ぼくは、スライム?〜偽物勇者と再生の子〜 作:ワンダ・プレイア
現状でなにが起こったか、ルベラがなにをしたのかは分からない。当の本人はサニタスの治療を受けながら、ブツブツと呪文のような言葉を繰り返している。
焦点があってなくて、手足に力が入らないまま口だけ動いているのを離れた場所から見ていた。
「畜生、こんな所で魔力の暴走かよ……しっかりしろ!ルベラ!帰ってこい!」
ルベラをこのままにしてはいけないと、僕達は本来休む筈だった洞窟に身を置いている。
臭いの少ない場所にルベラを寝かせて?見張りでリゴルが外に出ていて、サニタスとヴェクタが介抱に当たっていた。
身体を地面に寝かせているのに、目を見開いているのって寝ているという言葉であっているのかな?分からないや。
なにもできない僕が、僕だけが遠巻きに見ているだけだった。
「おいルベラ、自分がどこにいるか分かるか?」
「ホソリには、みんな大好き大きな魚の魔物。『クラマイ』というのがいます、お米のように身がほぐれるお魚さんです。香辛料と炒めて食べます」
「自分が、どういう状況か分かるか?」
「わたくしのママは人間なんです。歴史の勉強をする旅をした先で、サラマンダーのパパに一目惚れされて結婚しました。わたくしは五人兄弟の末っ子ちゃんです」
「……かなり発狂してやがるな。
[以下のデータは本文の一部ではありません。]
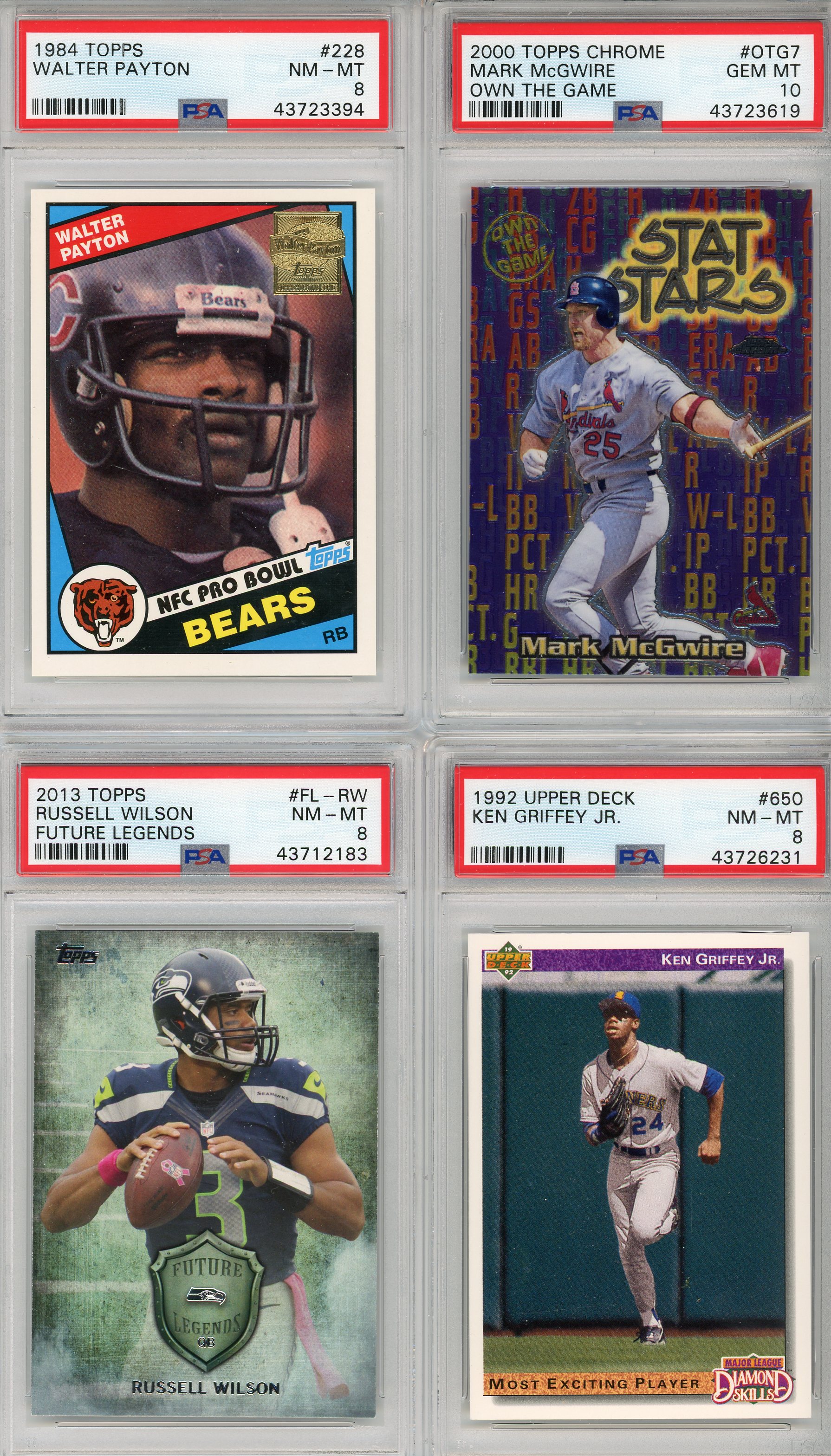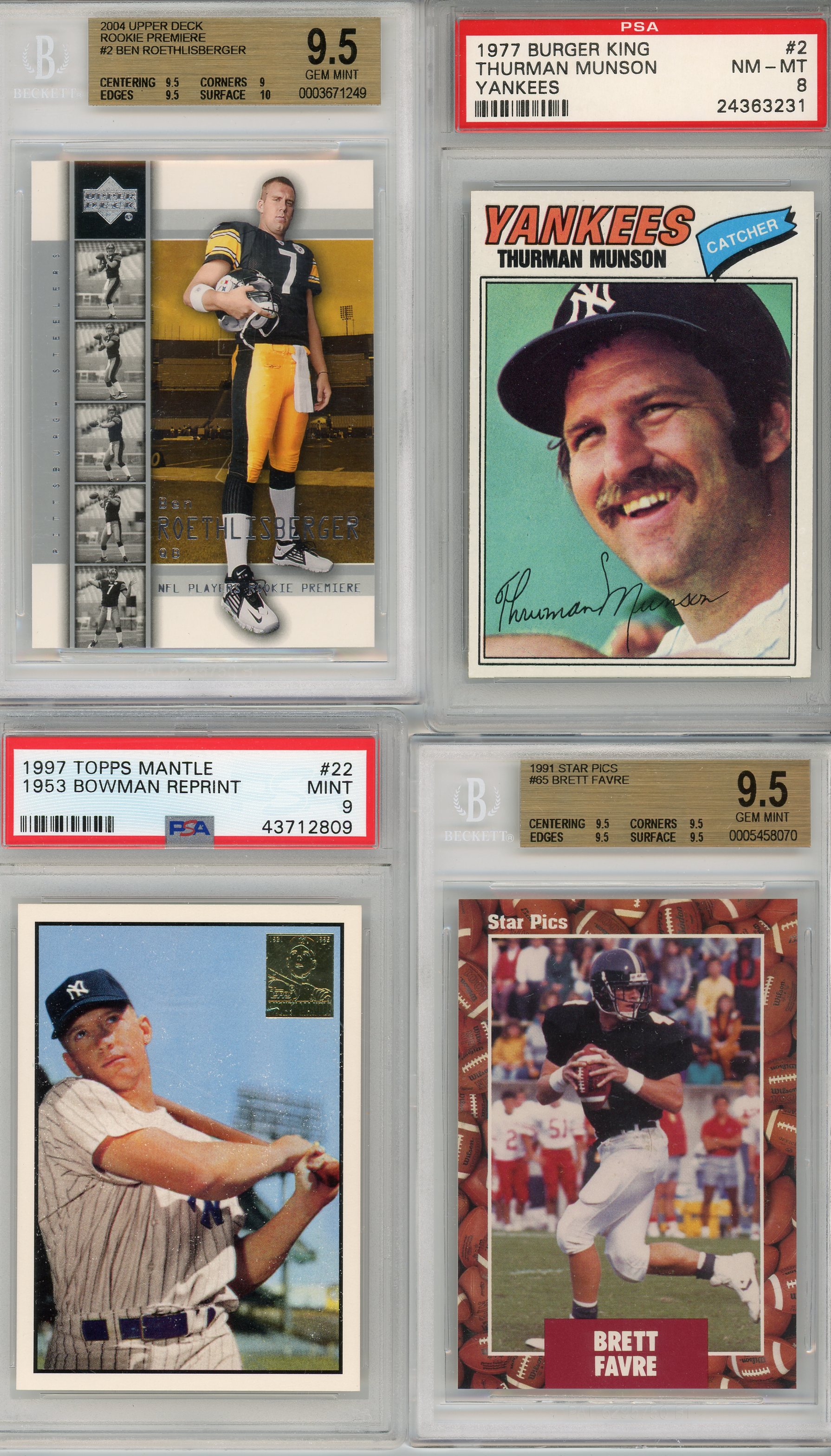 - (100+) CARDS TOTAL FROM COMMON TO HOF CARDS, INSERT CARDS, AUTOGRAPHED CARDS, INDIVIDUAL CARDS, UNOPENED PACKS, UNOPENED RACK PACKS, UNOPENED BOXES OR UNOPENED SETS + GRADED CARDS!!!

おい、お前はなんの魔法をぶっ放した?敵はどんなんだった?」
「オオトカゲ、コトカゲ、トカゲモドキ……あは、あはははは」
ちゃんと喋れている辺り、大丈夫なんだろうけど……ルベラはどうしちゃったんだろう?
なにかしてあげたいけど、変わり果てた彼女の姿に怖くて動けなかった。
「埒が明かねぇ……調べ損なった所見てくるわ。変化あったら教えてくれー」
ルベラの治療が一段落ついたのか、腰を上げて暗い洞窟内の奥へ行ってしまった。ヴェクタってひとりでなんでもできるんだな……いいなぁ、羨ましい。
「驚かれたでしょう……」
ルベラの手に包帯を巻いていたサニタスが、僕に話しかけてきた。だから慌てて意識を戻して大きく頷いた、なんでルベラがこうなったか僕には想像ができないから。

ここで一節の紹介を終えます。